For a UWB embodiment, the protocol application layer 88 as
implemented by the processing system of headset 12 would provide
the necessary services and drivers for various different
technologies including, for example, Bluetooth 3.0, certified
wireless USB, the IEEE 1394 interface (Firewire) protocol
adaptation layer, and the wireless TCP/IP protocol, often referred
to universal plug-n-play (UPnP). Such various different wireless
protocols can operate within the same wireless personal area
network without interference. In addition to such noted protocol
application layers, other industry protocols or physical mediums
can be implemented utilizing the WiMedia/UWB functionality of the
invention, including Ethernet, DVI, and HDMI physical mediums, for
example. Various implementations of such protocols on top of the
WPAN platform may be implemented in a suitable fashion, as
understood by a person of ordinary skill in the art.

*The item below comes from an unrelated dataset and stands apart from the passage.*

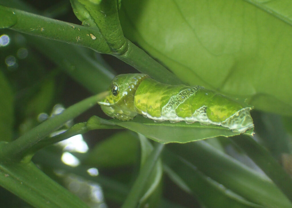 ▲園内で交尾するナガサキアゲハのペアと園内のミカンの樹で育つ幼虫

[0034] As in one such embodiment of the invention as discussed
above, the recognized speech data is handled by application layer
84, and that data is sent to a host device and/or on to a remote
system. Alternatively, data is received from the host device or
remote system, and may be played as a spoken synthesized voice to a
user. The protocol application layer 88 and WPAN layer 86 provide
the link to a suitable host. The user speech data is processed at
the host device or might be forwarded to a remote system utilizing
the wireless network operated by the host device. For example, the
PDA component 62 might process the user speech data and otherwise
interact with the user. Also, the PDA host device 62 has a WLAN
functionality with a wireless link 68 for connectivity to a WLAN
network 66. This provides headset and host device connectivity to
one or more remote devices (device 1 . . . device M) coupled to the
WLAN network 66. One of the remote devices 1-M might be a server or
computer, for example, which runs an application such as a
warehouse management application. That warehouse management
application directs a number of users wearing respective headsets
12 to perform various tasks associated with order filling and
inventory management within a warehouse. The data associated with
tasks to be performed by a particular user are provided to the host
62 through network 66 and wireless link 68. That data is further
forwarded to headset 12 through the WPAN radio capability of host
62. Since headset 12 handles the speech recognition functionality,
the host 62 does not have to provide the bi-directional speech
dialog functionality of the system. Rather, the host can be a
somewhat "dumb" host with respect to the speech features of the
invention because the headset 12 handles the speech processing.
However, the remote link capabilities of the host devices 52 may be
utilized, thus, eliminating the need to accommodate the high power
consumption of that remote link on the headset 12. In that way,
weight from a large battery is eliminated on headset 12 because the
power consumption at the headset is decreased by around fifty
percent. Thus, the size of the battery and the overall size of the
headset may be decreased accordingly. As noted above, the various
host devices can be any suitable device that supports a WPAN
interface. For example, a cell phone 20 might be utilized as well
as a PDA 62. Other hosts might include MP3 players, ruggedized
hand-held devices, or any stationery or mobile computers.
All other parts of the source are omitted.